Location:   Bharatpur, Rajasthan.
Coverage area :  232 sq. Kms.
Main attractions:  Spoon Bills
Best time to visit :  The Keoladeo National Park is open throughout the year. August-October is the breeding season, so the birds are best left alone then. The best season for visiting this place is between October to February when the migratory birds come to visit this park from all over the globe.
Accommodation :  
There are rest houses, lodges, dormitories and hotels. Rajasthan Tourism provides good accommodation at its hotel, 'Saras'. Inside the park, the Bharatpur Forest Lodge is maintained by the ITDC. Shanti Kuteer, Circuit House, Dak Bungalow are also good for a comfortable stay. Park Palace, Govind Niwas and the Tourist complex are the other choices. Almost all the houses around the park lend out one or two rooms to visitors. These are cheap and provide comfortable stay.

Arrival information : 
By Rail : Bharatpur has its own railway stations with many major trains halting here.
By Air : The nearest airport is that of Agra.
By Road :
Nearby excursions :  Government Museum, Bharatpur which gives a glimpse of past splendour.
Just 32 kms from Bharatpur, is the Deeg Palace. This strong and massive fort was the summer resort of the rulers of Bharatpur and has many palaces and gardens.
Nearby cities :  Bharatpur

Keoladeo Ghana National Park, one of the most spectacular bird sanctuaries in India, nesting indigenous water- birds as well as migratory water birds and water side birds. It is also inhabited by sambar, chital, nilgai and boar. More than 300 species of birds are found in this small park of 29 sq. km. of which 11 sq. km. are marshes and the rest scrubland and grassland. Keoladeo, the name derives from an ancient Hindu temple, devoted to Lord Shiva, which stands at the centre of the park.

'Ghana' means dense, referring to the thick forest, which used to cover the area. While many of India's parks have been developed from the hunting preserves of princely India, Keoladeo Ghana is perhaps the only case where the habitat has been created by a maharaja.
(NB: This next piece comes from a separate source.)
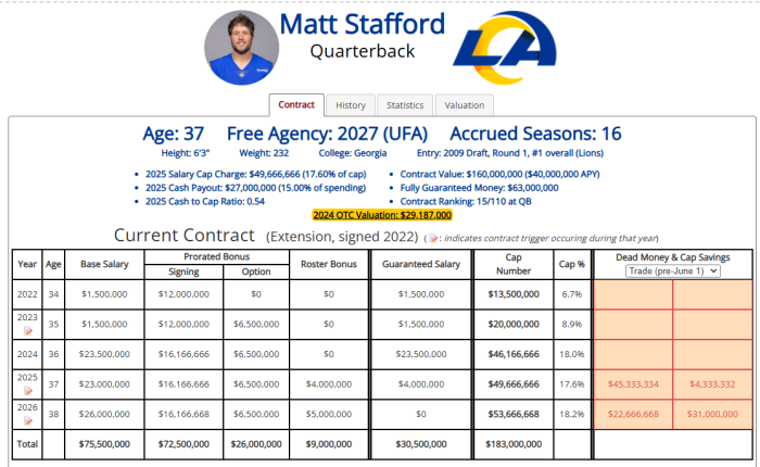 Matt Stafford contract and salary cap details, including signing bonus, guaranteed salary, dead money, roster bonuses, and contract history

In earlier times, Bharatpur town used to be flooded regularly every monsoon. In 1760, an earthern dam (Ajan Dam) was constructed, to save the town, from this annual vagary of nature. The depression created by extraction of soil for the dam was cleared and this became the Keoladeo lake.

At the beginning of this century, this lake was developed, and was divided into several portions. A system of small dams, dykes, sluice gates, etc., was created to control water level in different sections. This became the hunting preserve of the Bharatpur royalty, and one of the best duck - shooting wetlands in the world. Hunting was prohibited by mid-60s. The area was declared a national park on 10 March 1982, and accepted as a World Heritage Site in December 1985.
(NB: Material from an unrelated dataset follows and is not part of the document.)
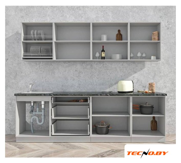 линейная, длина 260 см, ширина 60 см, каркас ЛДСП, фасад ЛДСП, установка мойки: врезная мойка, ширина шкафа под мойку 60 см

Fauna :   Over 350 species of birds find a refuge in the 29 sq km of shallow lakes and woodland, which makes up the park. A third of them are migrants, many of whom spend their winters in Bharatpur, before returning to their breeding grounds, as far away as Siberia and Central Asia. Migratory birds at Keoladeo include, as large a bird as Dalmatian pelican, which is slightly less than two meters, and as small a bird as Siberian disky leaf warbler, which is the size of a finger. Other migrants include several species of cranes, pelicans, geese, ducks, eagles, hawks, shanks, stints, wagtails, warblers, wheatears, flycatchers, buntings, larks and pipits, etc. But of all the migrants, the most sought after is the Siberian Crane or the great white crane, which migrates to this site every year, covering a distance of more than half the globe. These birds, numbering only a few hundred, are on the verge of extinction.

It is birds from the western race of the species, that visit Keoladeo, migrating from the Ob river basin region, in the Aral mountains, in Siberia via Afghanistan and Pakistan. There are only two wintering places, left for this extremely rare species.One is in Feredunkenar in Iran, and the other is Keoladeo Ghana. The journey to Bharatpur takes them 6,400 kms from their breeding grounds, in Siberia. They arrive in December and stay till early March. Unlike Indian cranes, the Siberian crane is entirely vegetarian. It feeds on underground aquatic roots and tubers in loose flocks of five or six.